Better yet, let's go back to taxing the rich at 90%.  That's how we built all those freeways in the first place.

I'm just ranting because I'm frustrated.  In the end, it isn't even about how much money there is or is not.  This is the new normal. I keep hearing that phrase.  Usually with a shrug and a "What are you gonna do?" sort of gesture. Disasters will happen, because they always happen.  People will get on with their lives, doing what they have to do.   In three days time, we're on to the next news item.  If CNN's really lucky, some celebrity will do something egregiously embarrassing, and they can stop talking about disasters for a while.
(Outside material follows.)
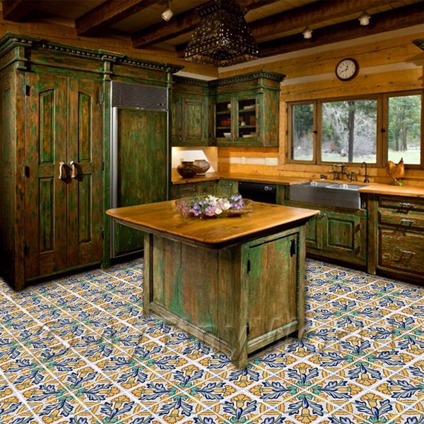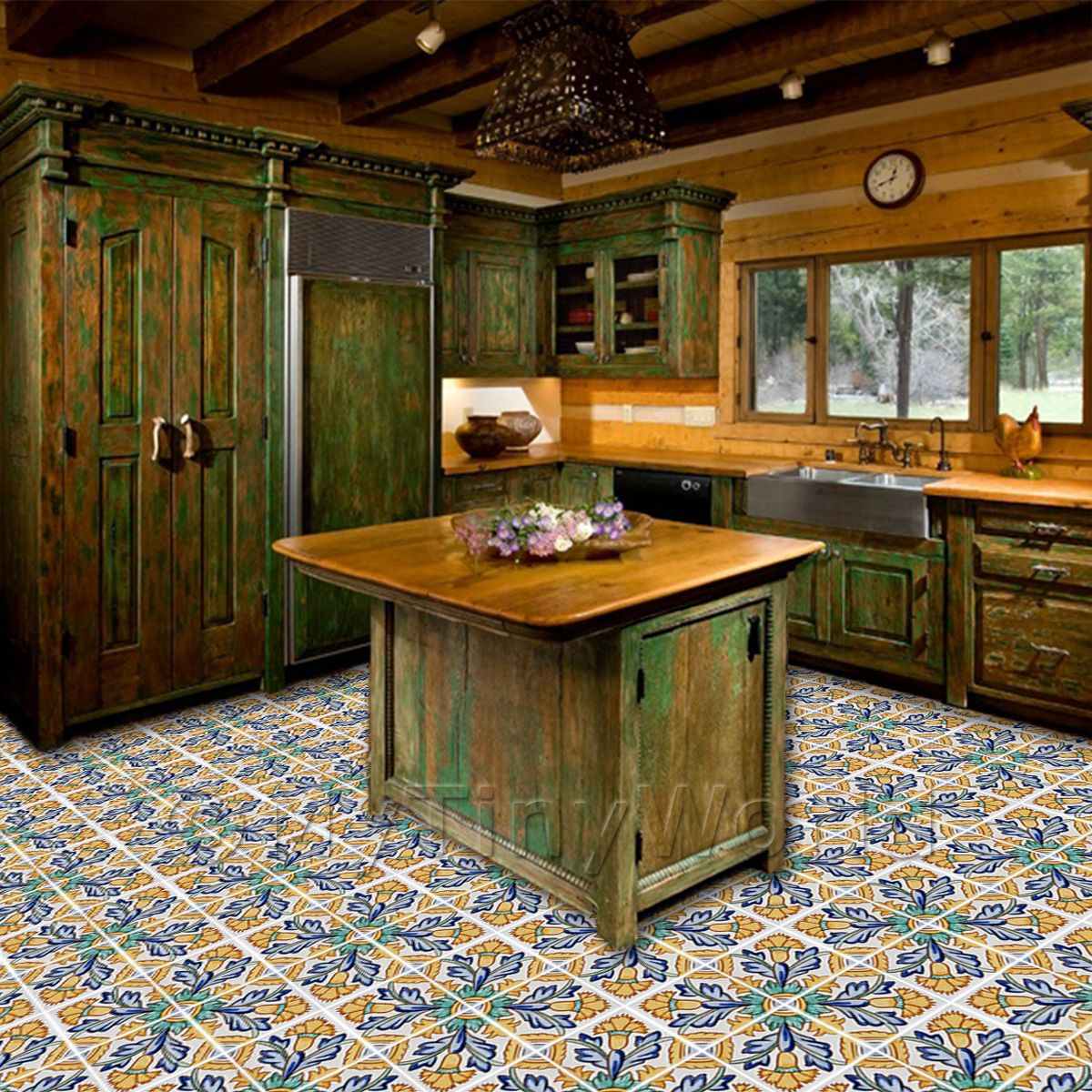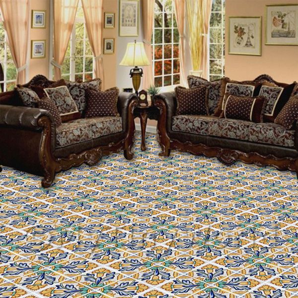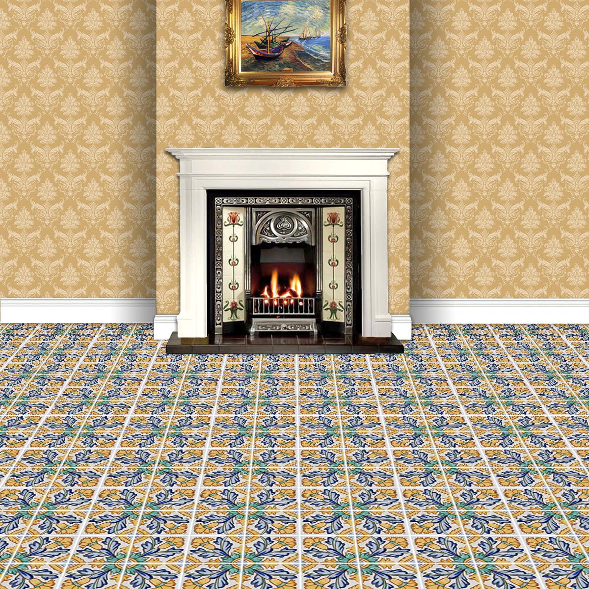 Products --> Floor Tile Sheets --> 1:24th Floor Tiles1:24th Yellow And Blue Flower Design Tile Sheet With Black Grout |

When that palls, they'll move on to the end of someone else's world.

4 comments:

Ed Webb said...

http://www.youtube.com/watch?v=wePMX-OtxI8

Ed Webb said...

Sorry - I realized after I recorded & posted the video that it was a Ceredwyn post, not a Bryanism. Apologies! Too tired to re-record.

Bryan Alexander said...

No apologies necessary for that moving, thoughtful video reply.
I hope your riverine friend does well.

mythago said...

I suspect the people turned away from buying flood insurance were turned away precisely because they WERE at risk for flood damage. Taking in premiums and never paying claims is the new insurance model.

It reminds me of the less sound-bitable but far more important exchange from V FOR VENDETTA:

"We shouldn't have to live like this."

"You're right, kid, we shouldn't. What are you going to do about it?"